(Raw data)
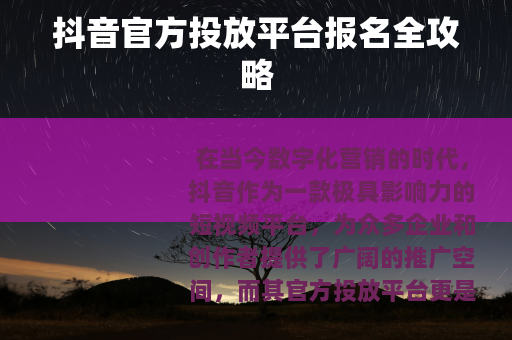 在当今数字化营销的时代,抖音作为一款极具影响力的短视频平台,为众多企业和创作者提供了广阔的推广空间,而其官方投放平台更是助力大家实现精准营销、提升品牌知名度和产品销量的有力工具,我们就来详细了解一下抖音官方投放平台报名的相关事宜。
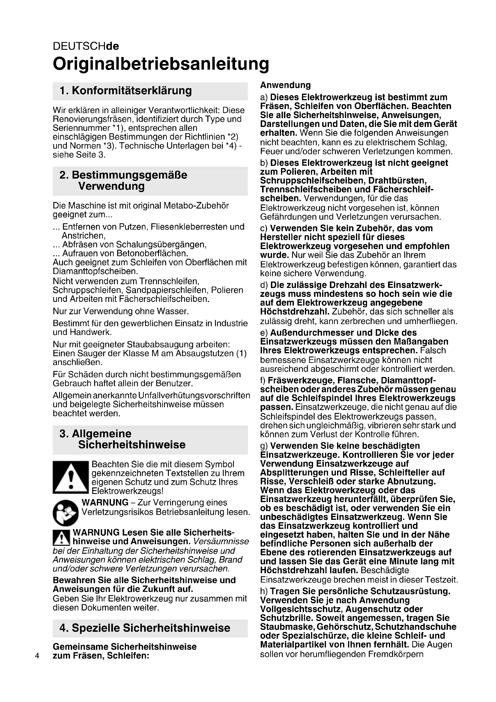 Originalbetriebsanleitung Wir erklären in alleiniger Verantwortlichkeit: Diese Renovierungsfräsen, identifiziert durch Type und Seriennummer *1), entsprechen allen einschlägigen Bestimmungen der Richtlinien *2) und Normen *3). Technische Unterlagen bei *4) - siehe Seite 3. Die Maschine ist mit original Metabo-Zubehör geeignet zum... ... Entfernen von Putzen, Fliesenkleberresten und Anstrichen, ... Abfräsen von Schalungsübergängen, ... Aufrauen von Betonoberflächen. Auch geeignet zum Schleifen von Oberflächen mit Diamanttopfscheiben. Nicht verwenden zum Trennschleifen, Schruppschleifen, Sandpapierschleifen, Polieren und Arbeiten mit Fächerschleifscheiben. Nur zur Verwendung ohne Wasser. Bestimmt für den gewerblichen Einsatz in Industrie und Handwerk. Nur mit geeigneter Staubabsaugung arbeiten: Einen Sauger der Klasse M am Absaugstutzen (1) anschließen. Für Schäden durch nicht bestimmungsgemäßen Gebrauch haftet allein der Benutzer. Allgemein anerkannte Unfallverhütungsvorschriften und beigelegte Sicherheitshinweise müssen beachtet werden. Beachten Sie die mit diesem Symbol gekennzeichneten Textstellen zu Ihrem eigenen Schutz und zum Schutz Ihres Elektrowerkzeugs! WARNUNG – Zur Verringerung eines Verletzungsrisikos Betriebsanleitung lesen. WARNUNG Lesen Sie alle Sicherheits- hinweise und Anweisungen. Versäumnisse bei der Einhaltung der Sicherheitshinweise und Anweisungen können elektrischen Schlag, Brand und/oder schwere Verletzungen verursachen. Bewahren Sie alle Sicherheitshinweise und Anweisungen für die Zukunft auf. Geben Sie Ihr Elektrowerkzeug nur zusammen mit diesen Dokumenten weiter. Gemeinsame Sicherheitshinweise zum Fräsen, Schleifen: Anwendung a) Dieses Elektrowerkzeug ist bestimmt zum Fräsen, Schleifen von Oberflächen. Beachten Sie alle Sicherheits hinweise, Anweisungen, Darstellungen und Daten, die Sie mit dem Gerät erhalten. Wenn Sie die folgenden Anweisungen nicht beachten, kann es zu elektrischem Schlag, Feuer und/oder schweren Verletzungen kommen. b) Dieses Elektrowerkzeug ist nicht geeignet zum Polieren, Arbeiten mit Schruppschleifscheiben, Drahtbürsten, Trennschleifscheiben und Fächerschleif- scheiben. Verwendungen, für die das Elektrowerkzeug nicht vorgesehen ist, können Gefährdungen und Verletzungen verursachen. c) Verwenden Sie kein Zubehör, das vom Hersteller nicht speziell für dieses Elektrowerkzeug vorgesehen und empfohlen wurde. Nur weil Sie das Zubehör an Ihrem Elektrowerkzeug befestigen können, garantiert das keine sichere Verwendung. d) Die zulässige Drehzahl des Einsatzwerk- zeugs muss mindestens so hoch sein wie die auf dem Elektrowerkzeug angegebene Höchstdrehzahl. Zubehör, das sich schneller als zulässig dreht, kann zerbrechen und umherfliegen. e) Außendurchmesser und Dicke des Einsatzwerkzeugs müssen den Maßangaben lhres Elektrowerkzeugs entsprechen. Falsch bemessene Einsatzwerkzeuge können nicht ausreichend abgeschirmt oder kontrolliert werden. f) Fräswerkzeuge, Flansche, Diamanttopf- scheiben oder anderes Zubehör müssen genau auf die Schleifspindel Ihres Elektrowerkzeugs passen. Einsatzwerkzeuge, die nicht genau auf die Schleifspindel des Elektrowerkzeugs passen, drehen sich ungleichmäßig, vibrieren sehr stark und können zum Verlust der Kontrolle führen. g) Verwenden Sie keine beschädigten Einsatzwerkzeuge. Kontrollieren Sie vor jeder Verwendung Einsatzwerkzeuge auf Absplitterungen und Risse, Schleifteller auf Risse, Verschleiß oder starke Abnutzung. Wenn das Elektrowerkzeug oder das Einsatzwerkzeug herunterfällt, überprüfen Sie, ob es beschädigt ist, oder verwenden Sie ein unbeschädigtes Einsatzwerkzeug. Wenn Sie das Einsatzwerkzeug kontrolliert und eingesetzt haben, halten Sie und in der Nähe befindliche Personen sich außerhalb der Ebene des rotierenden Einsatzwerkzeugs auf und lassen Sie das Gerät eine Minute lang mit Höchstdrehzahl laufen. Beschädigte Einsatzwerkzeuge brechen meist in dieser Testzeit. h) Tragen Sie persönliche Schutzausrüstung. Verwenden Sie je nach Anwendung Vollgesichtsschutz, Augenschutz oder Schutzbrille. Soweit angemessen, tragen Sie Staubmaske, Gehörschutz, Schutzhandschuhe oder Spezialschürze, die kleine Schleif- und Materialpartikel von Ihnen fernhält. Die Augen sollen vor herumfliegenden Fremdkörpern
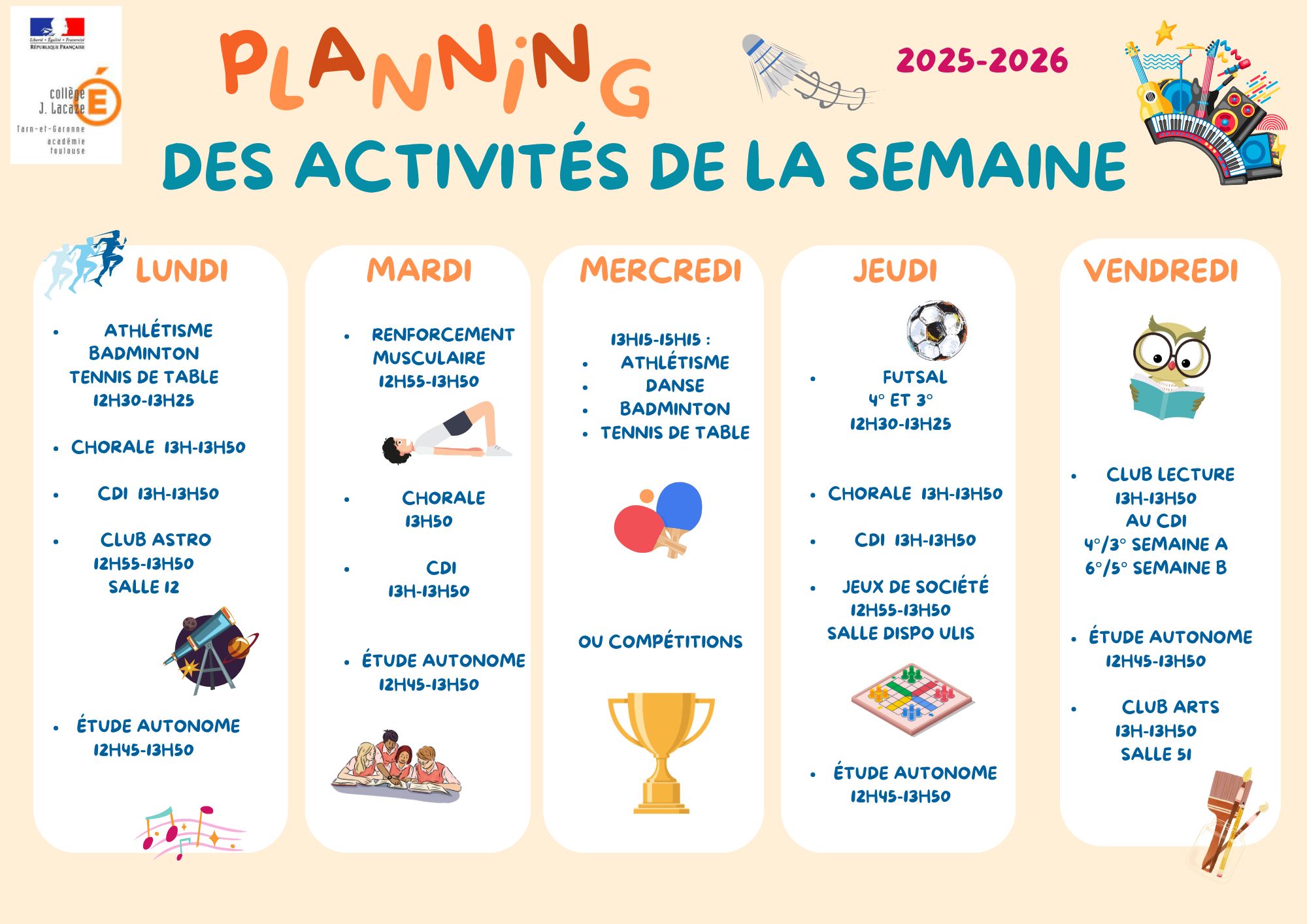 Planning des activités 2025-2026
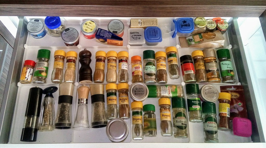 Enkelt organisationssystem för lådor. Detta system använder hörn L-fogar, T-fogar på utvändiga sidor och tvärfogar för inre noder. Skriv ut de nödvändiga partitionerna och anslut dem genom att skära av anslutningsdelarna ovanifrån. Om du behöver högre partitioner kan du helt enkelt skala både partitioner och anslutningar i samma förhållande i Z-riktningen.
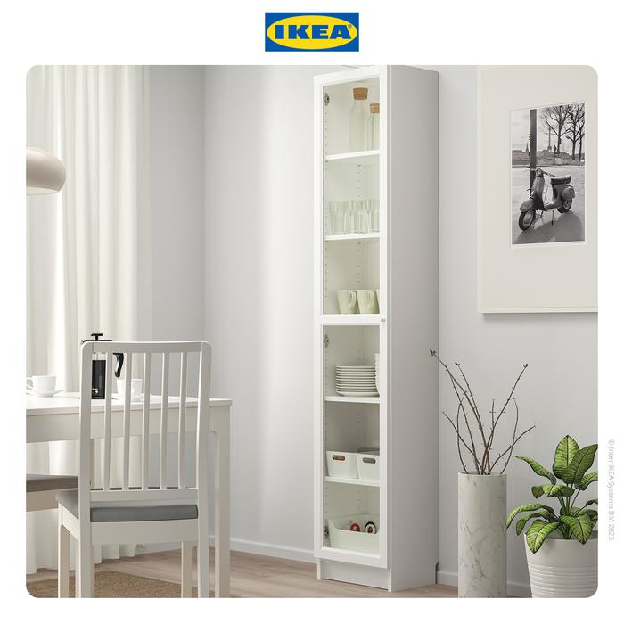 IKEA BILLY/OXBERG RAK BUKU DENGAN PINTU KACA SERBAGUNA PUTIH 40X30X202CM
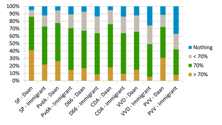 De gun-kloof tussen autochtone werklozen en werkloze migranten zien we bij kiezers van alle grote partijen. Alle groepen kiezers maken onderscheid tussen geboren Nederlanders en migranten, maar de mate waarin verschilt. De kloof tussen geboren Nederlanders en migranten is het grootst onder PVV-kiezers (30 procent verschil in het gunnen van uitkering), VVD-kiezers (16 procent verschil), en SP-kiezers (13 procent verschil). Het onderscheid tussen geboren Nederlanders en migranten is het kleinst onder D66-kiezers (3 procent verschil) en PvdA-kiezers (7 procent verschil). Overigens zouden de SP- en PvdA-kiezers – ondanks de grotere kloof met autochtone werklozen – de migrant nog altijd eerder een hoge uitkering gunnen dan de D66-kiezers doen.
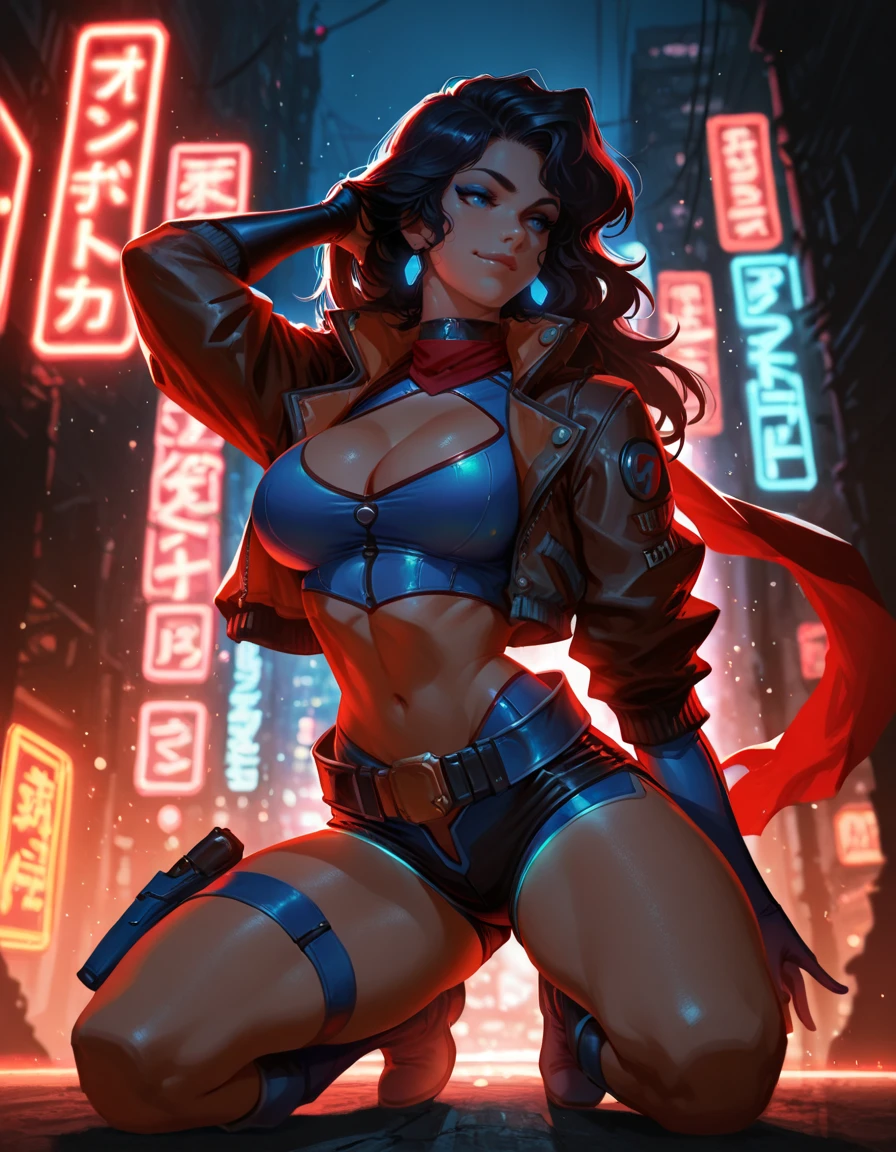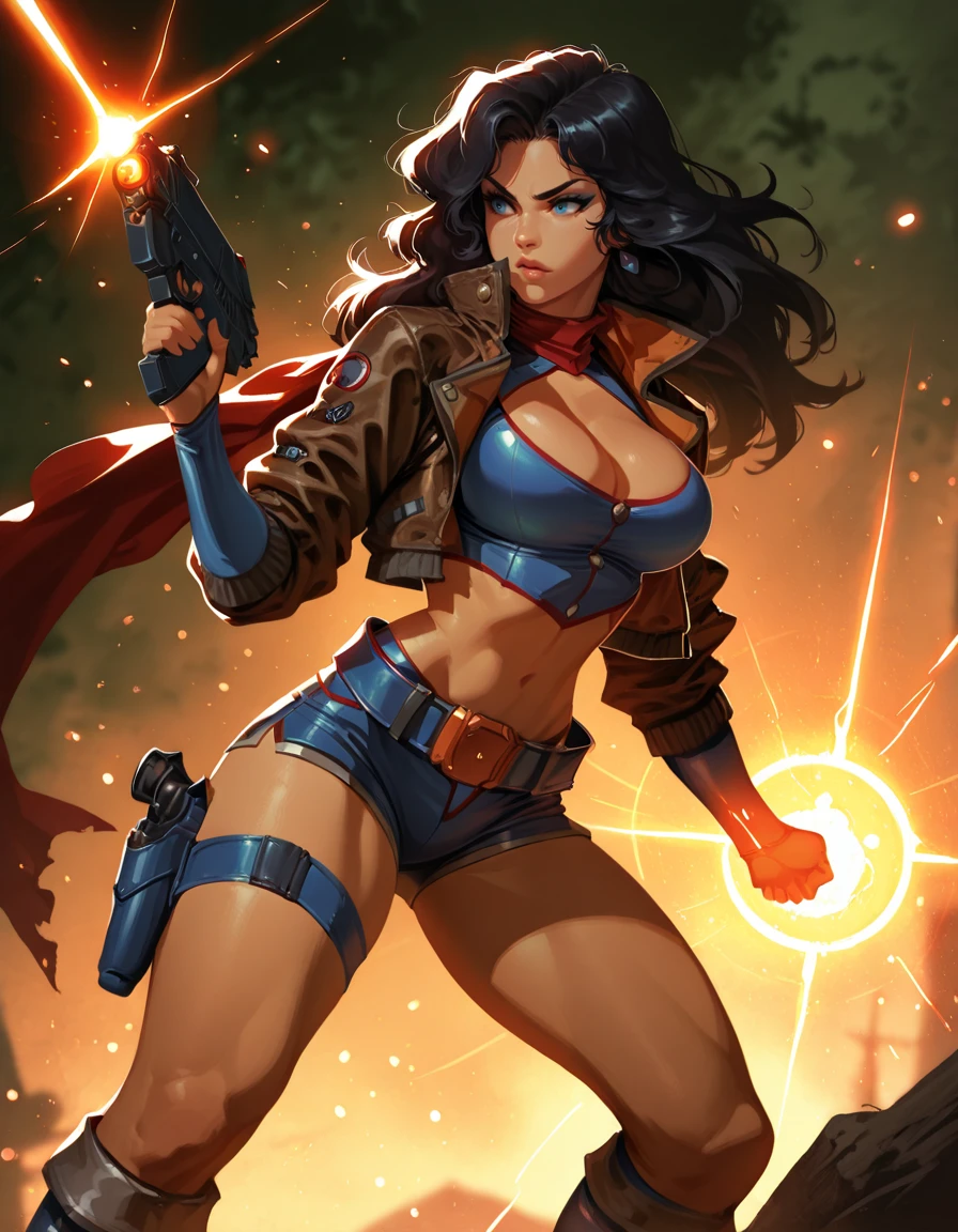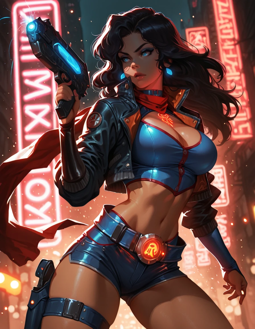 shorts, crop top, jacket, knee boots, thigh strap, red scarf, holster, choker, belt, elbow gloves,
(End Raw data)
:: Problem to work on ::
In the entries above, find the line containing "Enkelt organisationssystem för" and the line containing "IKEA BILLY/OXBERG RAK"; give again exactly those two lines and every line between them, minus the pictures.

:: Response box ::
 Enkelt organisationssystem för lådor. Detta system använder hörn L-fogar, T-fogar på utvändiga sidor och tvärfogar för inre noder. Skriv ut de nödvändiga partitionerna och anslut dem genom att skära av anslutningsdelarna ovanifrån. Om du behöver högre partitioner kan du helt enkelt skala både partitioner och anslutningar i samma förhållande i Z-riktningen.
 IKEA BILLY/OXBERG RAK BUKU DENGAN PINTU KACA SERBAGUNA PUTIH 40X30X202CM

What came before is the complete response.